## Task goal
Everything from the line with "Скачать обои для" down to the line with "Goal is to make" below must be printed exactly, those two lines included. Exclude pictures.

## Data
+---+
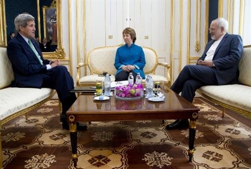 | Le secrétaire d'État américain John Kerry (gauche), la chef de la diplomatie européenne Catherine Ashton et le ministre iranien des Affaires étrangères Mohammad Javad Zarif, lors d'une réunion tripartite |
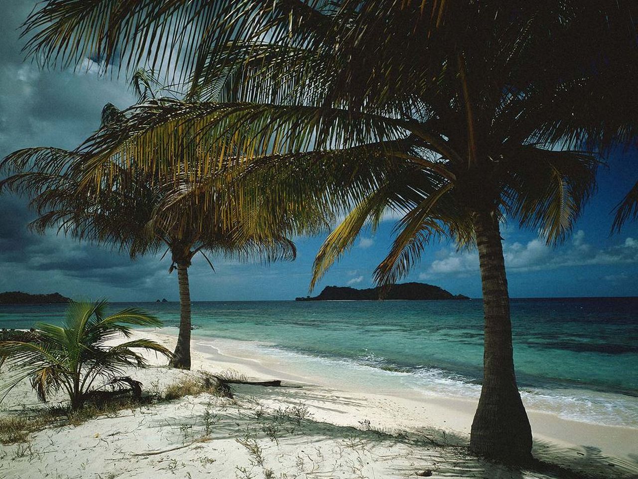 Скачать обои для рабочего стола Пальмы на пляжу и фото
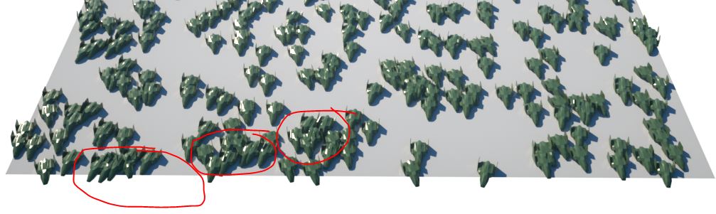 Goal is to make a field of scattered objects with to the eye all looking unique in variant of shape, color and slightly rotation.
+---+
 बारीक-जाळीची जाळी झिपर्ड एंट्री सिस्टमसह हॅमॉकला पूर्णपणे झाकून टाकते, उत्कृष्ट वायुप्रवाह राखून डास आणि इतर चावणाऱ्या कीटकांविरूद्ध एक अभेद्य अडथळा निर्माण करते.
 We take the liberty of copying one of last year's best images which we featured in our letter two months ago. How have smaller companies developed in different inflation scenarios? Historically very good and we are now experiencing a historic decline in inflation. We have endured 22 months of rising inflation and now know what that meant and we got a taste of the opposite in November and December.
+---+
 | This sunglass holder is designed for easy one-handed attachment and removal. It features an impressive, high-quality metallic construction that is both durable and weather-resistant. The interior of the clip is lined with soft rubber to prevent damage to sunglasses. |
+---+
## Written reply
 Скачать обои для рабочего стола Пальмы на пляжу и фото
 Goal is to make a field of scattered objects with to the eye all looking unique in variant of shape, color and slightly rotation.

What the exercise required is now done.